既然工作忙,那他就去投靠别人。
骆融取下背包从里面拿出导航器,背包里还有一些数目不多的现金,这些都是骆融从潘洪那儿借来的,潘洪也许是看他孤苦无依的,同情心泛滥,也没有多问什么。
骆融捧着导航器思考了许久,最后决定去找他的小姨陈妗。
陈妗也是如假包换的纪家人,只是她是跟随母姓,并且是脱离纪家千金的身份独自在演艺圈内发展,在她努力发展事业的黄金年纪里,很少与纪家联系,并非是与家人之间关系差,纯纯是这姑娘性子犟,非要向家人证明她能靠自己将事业发展到新高度。
骆融小时候经常听他外公提起他小姨叛逆期做的一系列事,多少记住了些,既然与纪家人联系少,那小姨就是他最好的投靠对象。
骆融抓着小背包的带子,沿着街路往前走,戴着鸭舌帽,一路上不时被人投以注视,骆融低下头,脚下步伐加快,走了大约半个小时后,他发现自己好像有些迷路了。

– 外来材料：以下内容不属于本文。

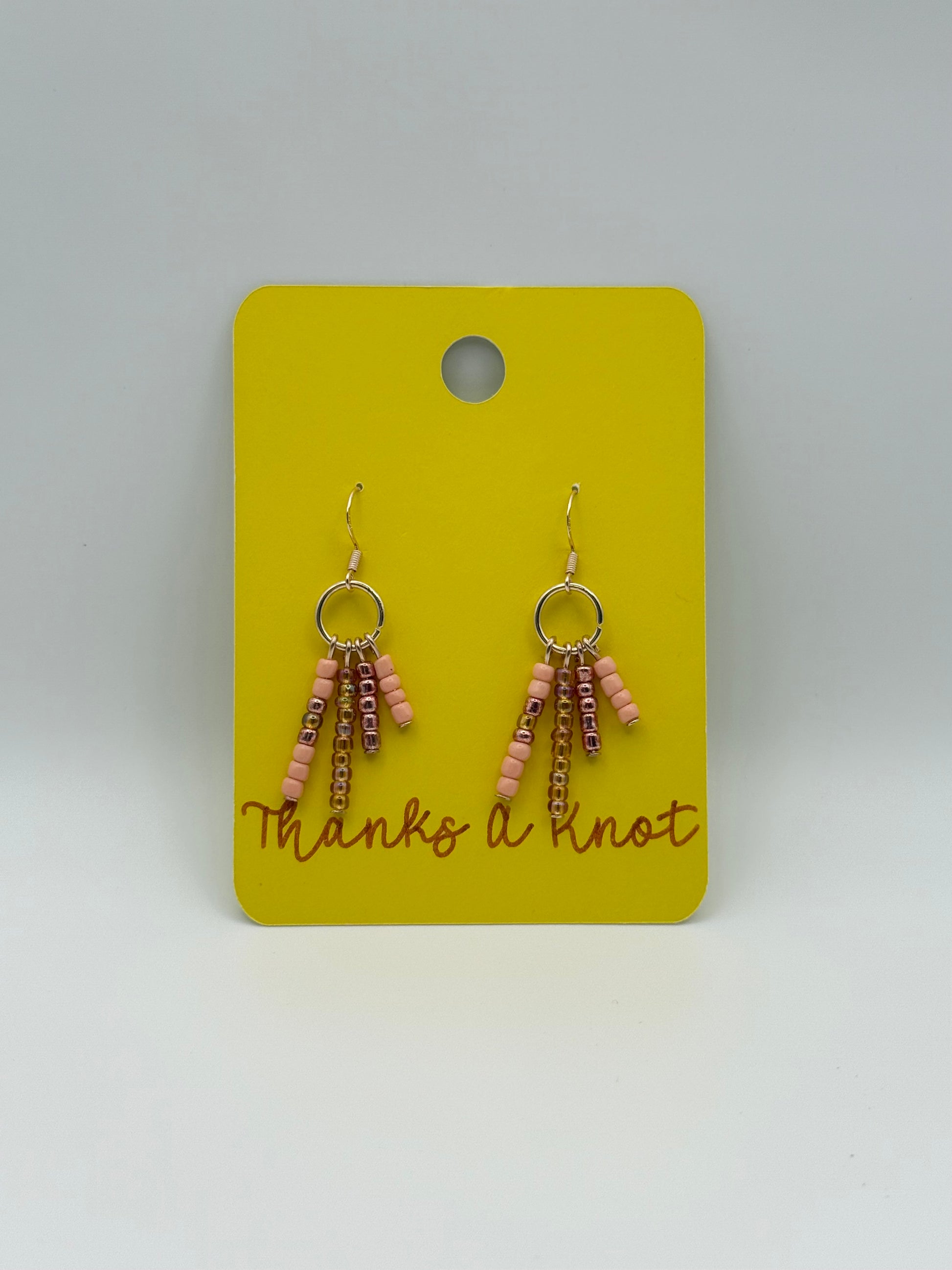 Light pink and iridescent pink/gold beads. Rose gold findings and ear hooks with silicone earring backs included.

虽然有导航器在手,但骆融还没完全掌握使用它的方法,他急地额头微微冒了点汗,当这种情况下无法,只能继续硬着头皮往前走。
大概快一个小时后,骆融的体力已经差不多耗尽,他摘下鸭舌帽坐在路边的公共长椅上休息,本打算休息后再继续走,但身后忽然传来一阵欢笑声,吸引了他的注意。
他转过头才发现绿化带后面是一处公园。
此时正有一对父母带着孩子在公园里玩耍,小孩四处奔跑得满头大汗笑声似银铃般,他的父亲在身后装模作样地追着他跑,他一边高喊着妈妈一边跑着扎进了他母亲怀里,浅浅的阳光洒落在他们身上,这一幕看得骆融略微局促地站在原地,手指不安地扣了扣书包带子。
家……他想回家了。
骆融不知道他去找陈妗,陈妗会不会收留他,但是纪谈因为工作不要他了,他也不能去找骆义奎,思来想后居然真的觉得自己无处可去,就像一个流浪没人要的小孩。
越想越委屈,眼泪噼里啪啦地就掉了,一部分也是害怕回不去,就要永远留在这里。
夕阳也逐渐从西边往下落,公园里的人也逐渐褪去,这个公园是附属在一个废弃小区的西侧,位置比较偏僻,周围绿带灌木设的又高,寻常不怎么有人经过,骆融穿过绿化带坐在还轻轻晃动着的秋千上,擦擦眼睛时忽然感到脚边有毛毛的东西蹭了下。
骆融低头,看到一只黑不溜秋的家伙正站在他腿边,是只黑色卷毛狗,右腿和脑袋上各秃了一大块,像是和同类打过架咬掉的,配上他黑得不见鼻子和嘴的脸,看上去有点滑稽好笑。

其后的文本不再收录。